Ah I'm so sorry to hear about your relationship break up. These things are always incredibly hard 😞

joysmoy66 · 29/01/2022 01:08

Thank you. We've been together since I was 15. I'm now 37 and do t know anything else but I know I'm done with this. The gaslighting and lovebombing needs to end. He's a few years older and much more worldly but I need to be strong.

ImNotDancing · 29/01/2022 01:08

@5YearsLeft oh There’s nothing like an empty house when you need rest, although I am sorry about the circumstances! I will luckily be able to just chill out this weekend. All I need to do is put some laundry away!

purpleme12 · 29/01/2022 01:09

@5YearsLeft I'm intrigued about this cat with the sock now 🤣

autienotnaughty · 29/01/2022 01:10

@5YearsLeft thank you I've had anxiety on and off for few years and it always messes my sleep. It started earlier in the week with feeling anxious about our boisterous dog worrying he will always be hard work and now I'm anxious about going on holiday this year although I do want to go. We haven't been abroad for four years and it will be first time with autistic son. I know what m catastrophising but I can't seem to settle so distracting myself instead.

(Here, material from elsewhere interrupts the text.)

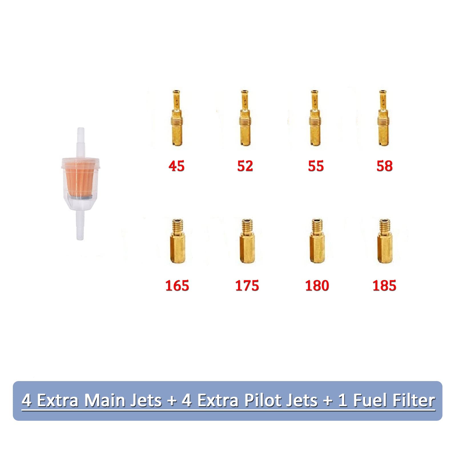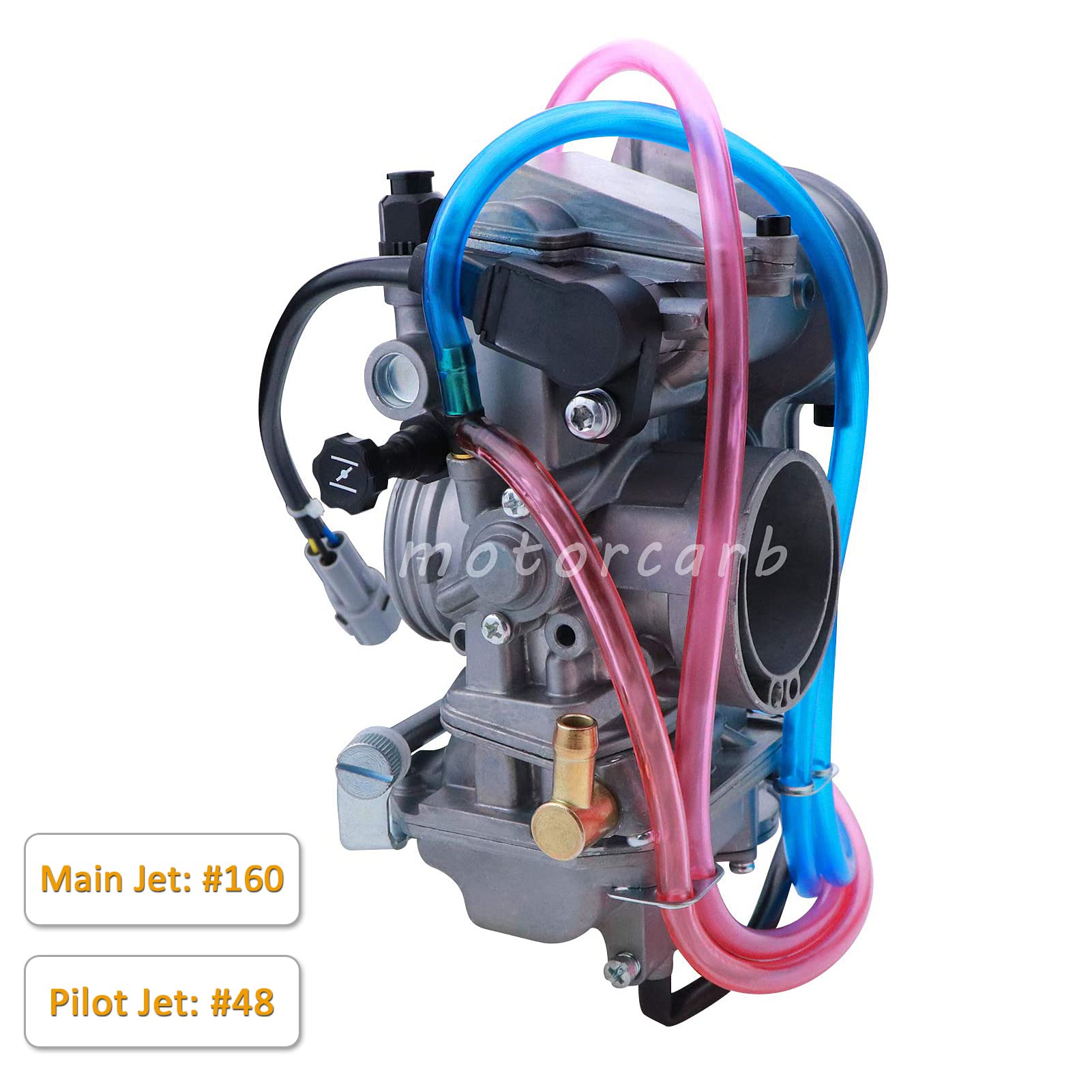 Main jet #160, pilot jet #48; Outlet I.D. 40mm/O.D. 50mm, inlet I.D. 44mm/O.D. 56mm; Package: fuel filter, 4 extra main jets, 4 extra pilot jets.

5YearsLeft · 29/01/2022 01:12

@joysmoy66 HE wanted to apologize to HER?! There are three children, two with ASD, and not to mention YOU, who deserve an apology first! What an absolute prat he is. And you’re not foolish; you made a decision to try to save your marriage, you went to counseling, YOU were open and honest, and that’s all you can do. I’m really sorry about the devastation; I know there’s nothing that can make that sound like it won’t be horrible, but the minutes will become hours will become days and you’ll make a new world and new life without him, where you’re treated with the respect you deserve and you’re not lied to and you and your children are appreciated. But I get it; today, it HURTS and you can’t sleep.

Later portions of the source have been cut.